Nowadays, there is a lot of talk about ‘culture’ and especially how it relates to Christian worship and the gospel in general. The question with which we need to deal is whether our culture drives the gospel or should the gospel drive our culture. It seems to me that the latter is correct, but it is easier said than done. We certainly wish to be relevant to our culture, yet we don’t wish to compromise the pure gospel.
Jesus was born into a culture and presented a refreshing gospel, which was rather radical by the Scribes and Pharisee’s standards. Perhaps we may need to think seriously about how we present the gospel and all that we do as Christians so that we can affect our culture positively as well. And sometimes it may mean thinking ‘outside the square’ a little more than we tend to do.
For many in our present culture, the ‘church’ is a place where you go when there is a wedding or a funeral. For some, ‘church’ is the soup kitchen that is held every Friday evening, or a men’s breakfast or even our own ‘Lifted-Up’ on a Saturday morning. For others, it may be the Christian op-shop. Whatever it is, the reality is that it is at these ‘mission’ events where some non-Christian people gather and have ‘fellowship’ with Christians and each other. And if that is the case, it is important that these small, but important ‘mission’ events are saturated with gospel talk and good, Christian literature.
It seems to me that if we really wish to influence our communities and reach them with the gospel, a lot more thought needs to go into these types of mission ministries and also how we ‘do church’. That doesn’t mean that our normal worship services should be done away with, not at all. There is a time for coming together as the Lord’s people and to worship and just delight in our marvellous God and what He has done for us in Christ. And it is our hope and prayer that some people who come to the mission events will progress and join us in worship.
Yet, we should occasionally ask the hard questions. Why do so many churches struggle to keep their young people? Why don’t more ‘non-Christians’ come off the street and worship with us? Is the building we use for worship aesthetically appealing and welcoming? Maybe it isn’t enough to just have an ‘A’ board outside the steps announcing that we are open. Perhaps it is the seating or the arrangement thereof that hinders the gospel. Perhaps it is our worship style or format, after all, it can be rather monologue at times. All the above are food for thought.
Now I am not suggesting for a moment that we throw out our present structures or the way we worship. Yet, some of these things would be good to think about from time to time. Perhaps a small tweak here and another one there can have a great impact in our endeavours to reach the lost for Christ.
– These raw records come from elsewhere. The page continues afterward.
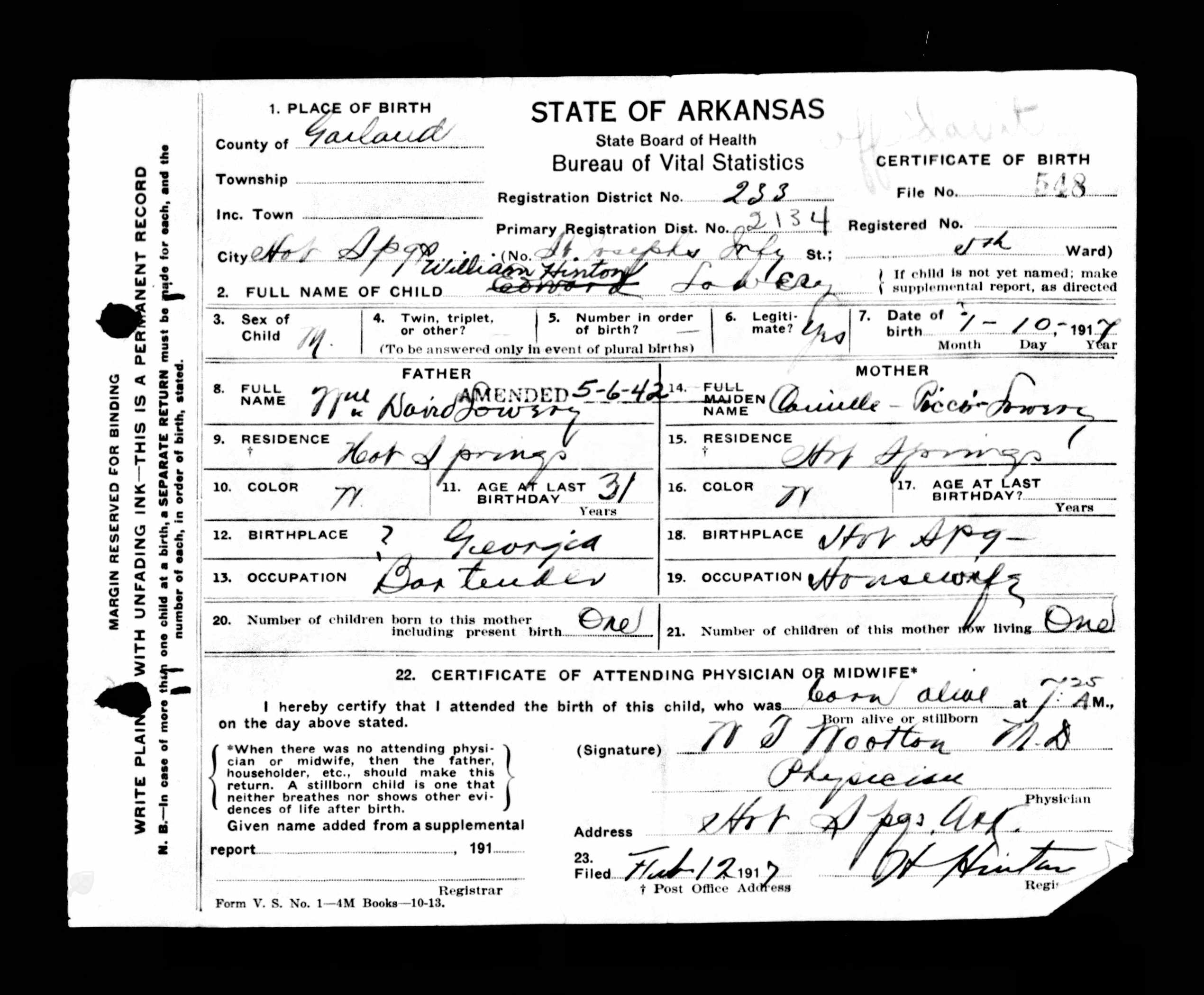 - Date of birth: 10 January 1917
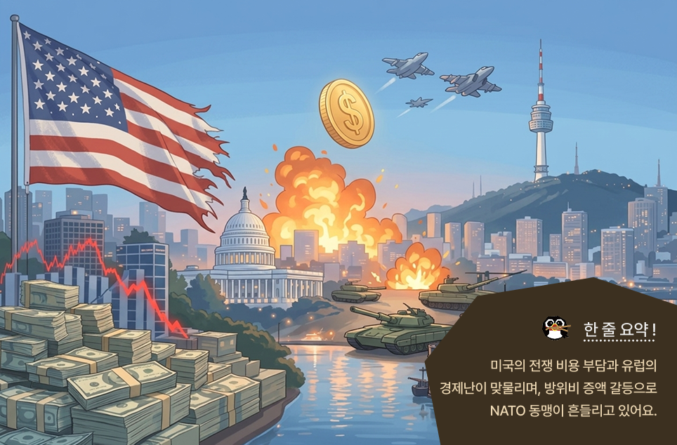 미국-이란 간 전쟁이 길어지면서 미국의 재정 부담이 커지고 있어요. 하루 전쟁 비용만 수십억 달러에 달하는 상황에서 재정 적자는 이미 위험 수위를 넘어섰고 고물가・고환율에 자국민들조차 트럼프 행정부를 부담스러워하기 시작했어요. 이런 상황에서 트럼프는 NATO 동맹국들에 GDP의 5%를 국방비로 부담하라고 압박하며 심지어 NATO 탈퇴 가능성까지 흘리고 있어요. 미국으로선 전쟁 비용으로 구멍 난 재정을 동맹국과 함께 채워야 한다는 논리지만, 유럽도 러시아-우크라이나 전쟁 장기화로 에너지 비용이 급등하고 재정 여력이 빠듯한 상황이라 선뜻 받아들이기 어려워요. 결국 양측 모두 재정 어려움이 있는 상황에서 서로에게 부담을 떠넘기는 구도가 되어버린 거예요. 80년간 이어온 NATO 동맹 구조가 경제적 균열을 계기로 흔들리고 있어요.
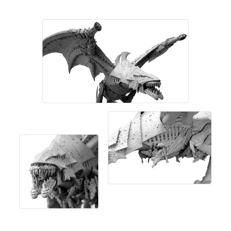 Description du produitÉnorme construction biologique Tyanind armée de canons biologiques massifs et de talons faucheurs. Le Tyranid Harridan comprend 4 grappes de gargouilles qui se fixent sur la poitrine.
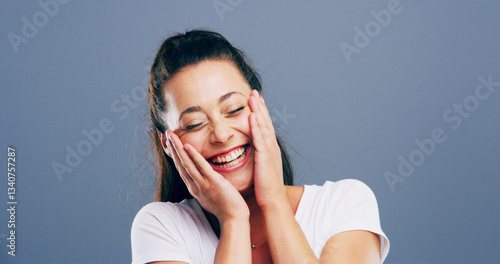 Laughing, smile and face of woman in studio for comic, funny and silly with mockup space. Happiness, meme and comedy with female person on blue background for joke, humor and giggle reaction
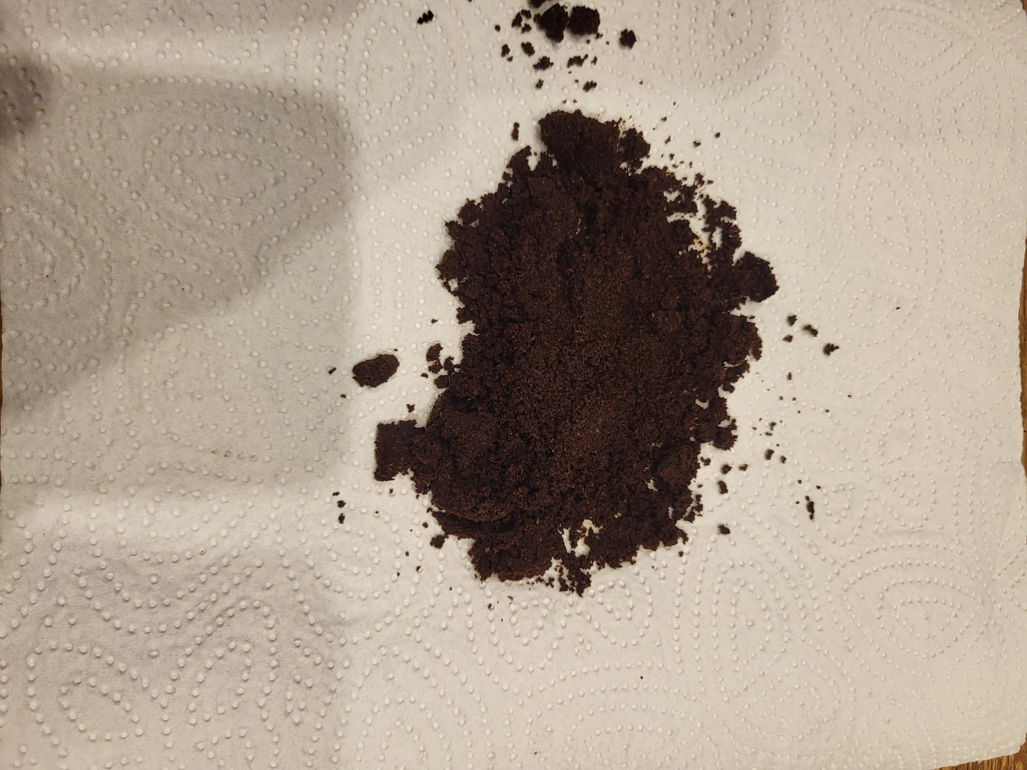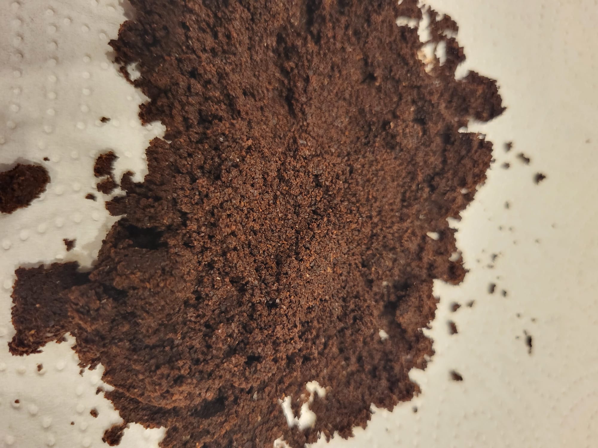 Nur um sicher zu gehen, dass ich es auch wirklich richtig gemacht habe. Ich habe das Mahlwerk bis zum Anschlag zugedreht und dann etwa 7 "Klicks" zurückgedreht. An die 7 habe ich mich etwas herangetastet. Auf dem angehangenen Foto sieht man, wie sich der Mahlgrad des Kaffeesatzes etwas verfeinert hat. Links vorher, rechts nachher. Der Trester liegt nun auch als Brikett im Behälter. Allerdings wirkt er noch feucht.

Of course, we all realise that the Holy Spirit needs to change hearts and bring people to Christ. Nevertheless, I have a strong suspicion He uses redeemed sinners like us to bring them to Christ. We just need to make sure that we are not only ready to be the willing instruments in His hand, but ensure that our buildings, furnishings, and structures are not a stumbling block. If they are then we may need to be radical and change some things so that with the Lord’s blessing, we may see the gospel impact our culture for God’s glory. JZ.